I know, I know. It has been way too long for me in updating my blog. To start, it is already the middle of semester; my so-called last semester IF I do not flunk any of my papers. I have been busy with assignments and in three weeks time, there are three assignments due and two presentations coming. How is life, you must be wondering? Nothing much except that I have been taking dance classes and baking cakes for fun. It is also a mixture of ups and downs, trying my very best to survive emotionally every single day. Lots of tears has been shed, not so much of happiness but then again, I am still here, typing this entry. 
Somewhere Inside…
It is funny how people that were once strangers have become the closest companions to you at the end of the day. I find it more amusing when a total stranger could actually give deep impact to a person’s life; a stranger who later becomes someone very important in your life that you gave him so much hope and trust. It put a smile on my face, however a stab in my heart whenever people tell me how happy they are with their life, especially when I have been in their shoes in the past. Pathetic eh?
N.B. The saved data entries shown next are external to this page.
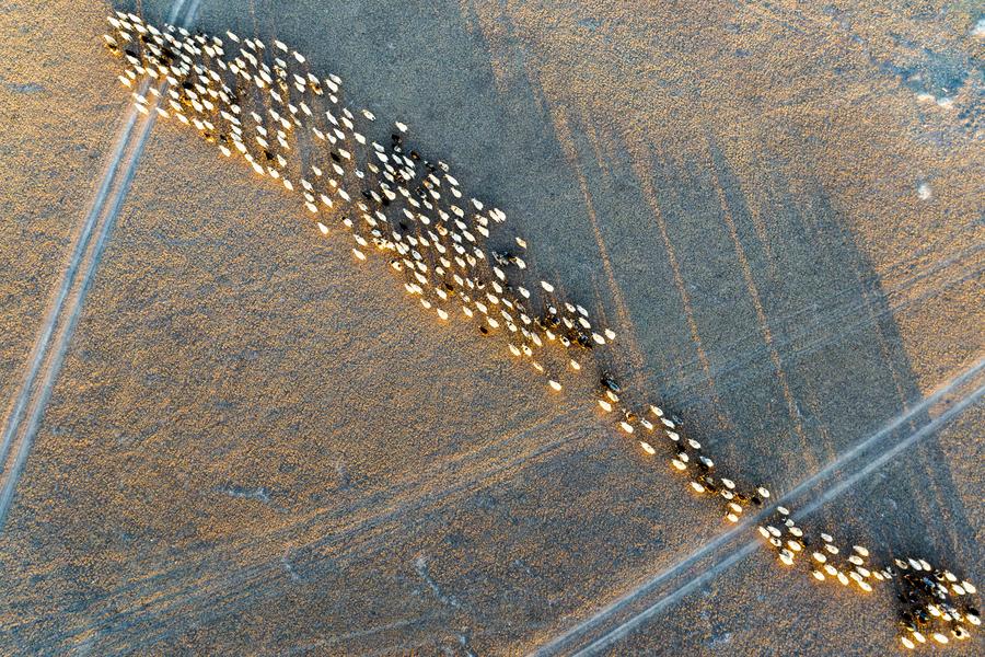 This aerial photo taken on Dec. 18, 2023 shows sheep heading back to shed in Ngoqu Town, Nyima County of Nagqu City, southwest China's Xizang Autonomous Region. (Xinhua/Jiang Fan)
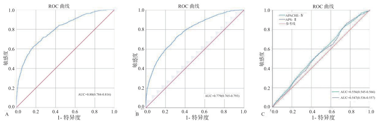 | A为预测ICU病死率,纳入变量: 年龄、BMI、APACHE-Ⅳ、APS-Ⅱ、合并症、入院诊断、机械通气、血管活性药物应用; B为预测在院病死率,纳入变量: 年龄、BMI、APACHE-Ⅳ、APS-Ⅱ、合并症、入院诊断、机械通气、血液净化、血管活性药物应用; C为用APACH-Ⅳ、APS-Ⅱ预测在院病死率 图 1 多变量ROC曲线预测心源性休克患者ICU病死率与在院病死率 Fig 1 The prediction of multivariate ROC curve on the mortality of ICU or hospital |
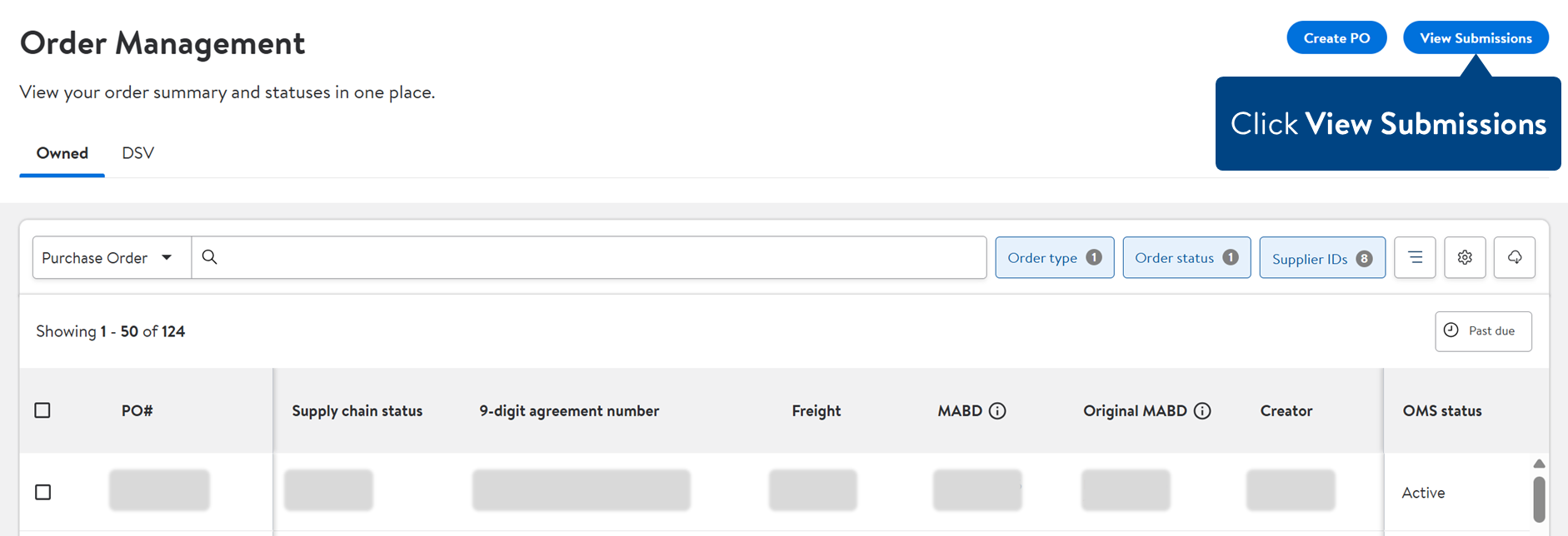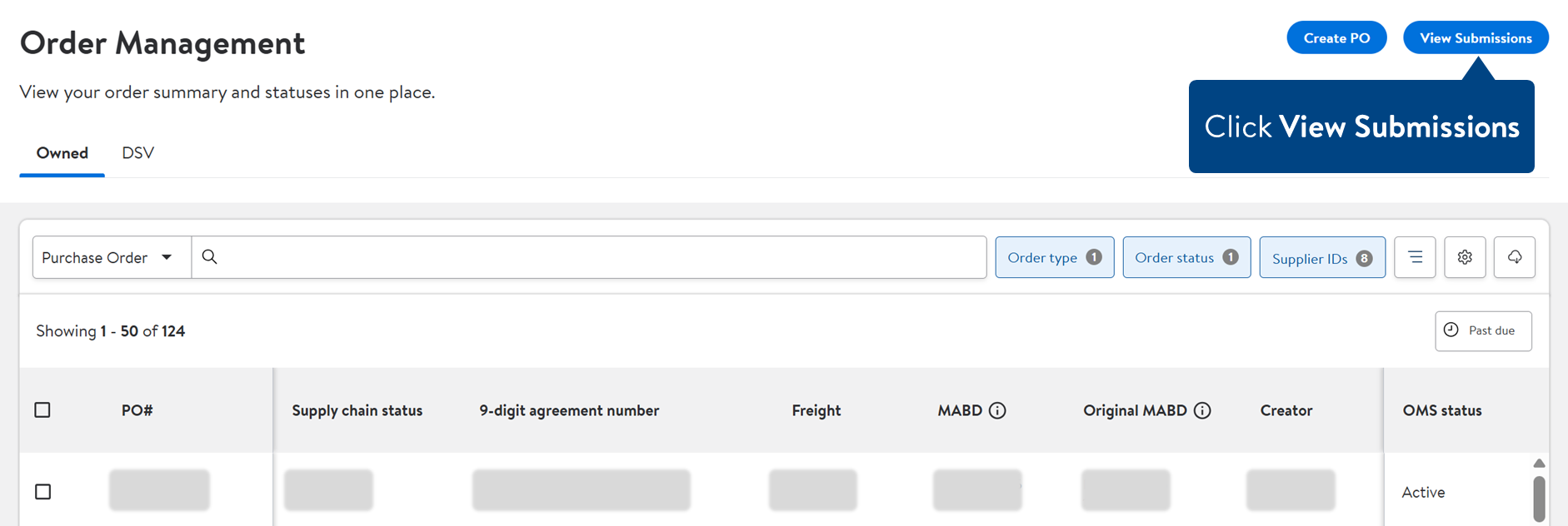 To track the status of your submission, click View Submissions on the Order Management page in Supplier One.
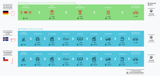 Fichtners Zahlenangaben sind in etwa zutreffend, und seine Argumentation wirkt auf den ersten Blick überzeugend. Der Leser gewinnt den Eindruck, es ginge um einen Vergleich zweier möglicher Verwendungen für den hierzulande erzeugten Grünstrom. Mit 70 bis 80 % Wirkungsgrad scheint das Elektroauto dabei unschlagbar gut abzuschneiden. Die Verwendung als E-Fuel bedeutet demgegenüber eine lange Kette von Umwandlungen: Der Strom wird unter großen Verlusten zunächst in Wasserstoff und dann in E-Fuel umgewandelt. Damit wird schließlich ein Verbrennungsmotor betrieben, der je nach Betriebszustand weit über 60 % des Kraftstoffs als Wärme vergeudet. Fichtner will den Leser glauben machen, E-Fuels wären Energieverschwendung.
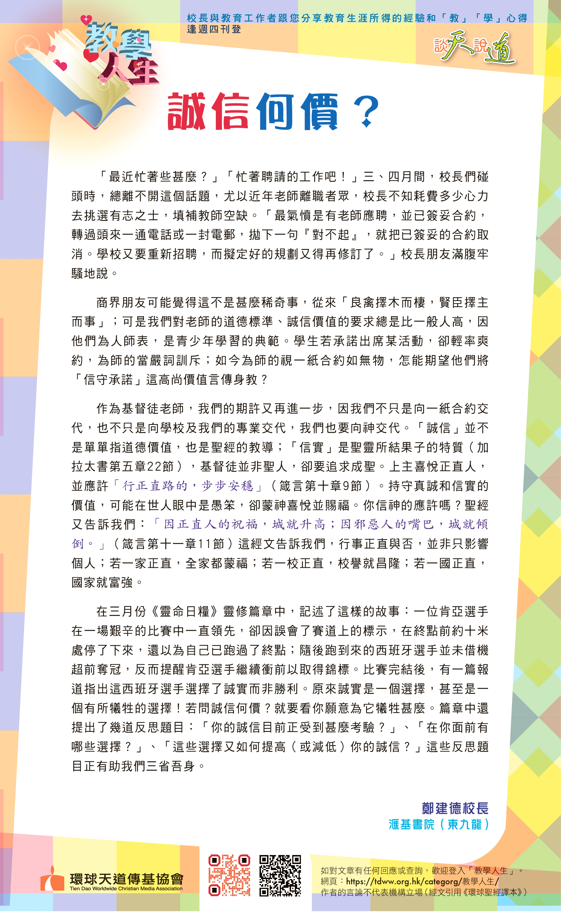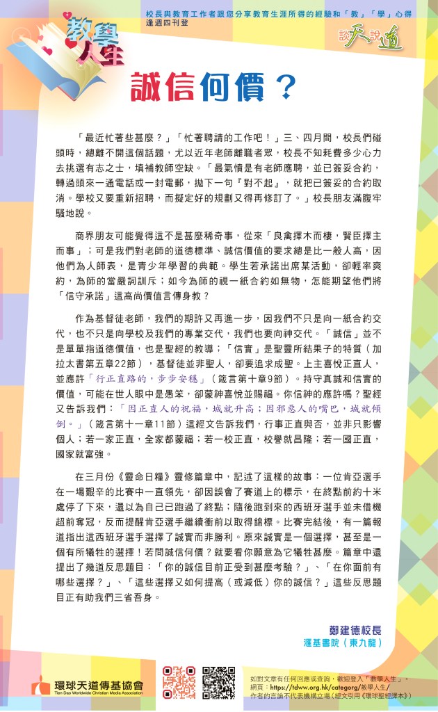 是的,為人師表要「傳道、授業、解惑」,看似都是頭腦上、學問上的事,但是沒有愛,這老師不過是「教書匠」。基督教尤其重視「愛」,例如大家都熟悉的經文:「現在存留的有信、望、愛這三樣,其中最大的是愛。」(哥林多前書第十三章13節)我覺得「如果我用人和天使的方言說話,卻沒有愛,我就成了嘈雜的鑼、刺耳的鈸。」(哥林多前書第十三章1節)也很適合老師斟酌;空有知識,卻不關愛學生的老師,還算不上是好老師!有時候,繁重的工作、頑皮的學生、重複的會議都會令老師們感到挫敗、沮喪,可能會懷疑自己,甚至想放棄離場。如果我們可以靜一靜、停一停,回到入行的起點,重拾那份使命感,重燃對學生的愛,相信我們很快便能振作起來,繼續教學的工作。

Sometimes we wish we understand the things that are happening around us. “Everything happens for a reason” is a phrase we often hear. But then, how far do you believe in it? How about fate? Do you believe in it? I do. It is something simple and complex at the same time, yet so true to those who believes it.
I think I am too sensitive to what people say or do to me. I guess that explains why I cry easily whenever particular situation take place. Nevertheless, at times I feel that I am insensitive towards other’s feelings. I bet this whole thing is confusing. Sigh, it confuses me too.
Besides that, I do not know whether or not I mean anything to anyone. But I do know that I have friends who are there for me, helping me to go through this particular point of my life.
“Hey, you’re not the happy *yours truly* that I used to know before.”
And I have had more than one person saying the above to me. I guess it is obvious.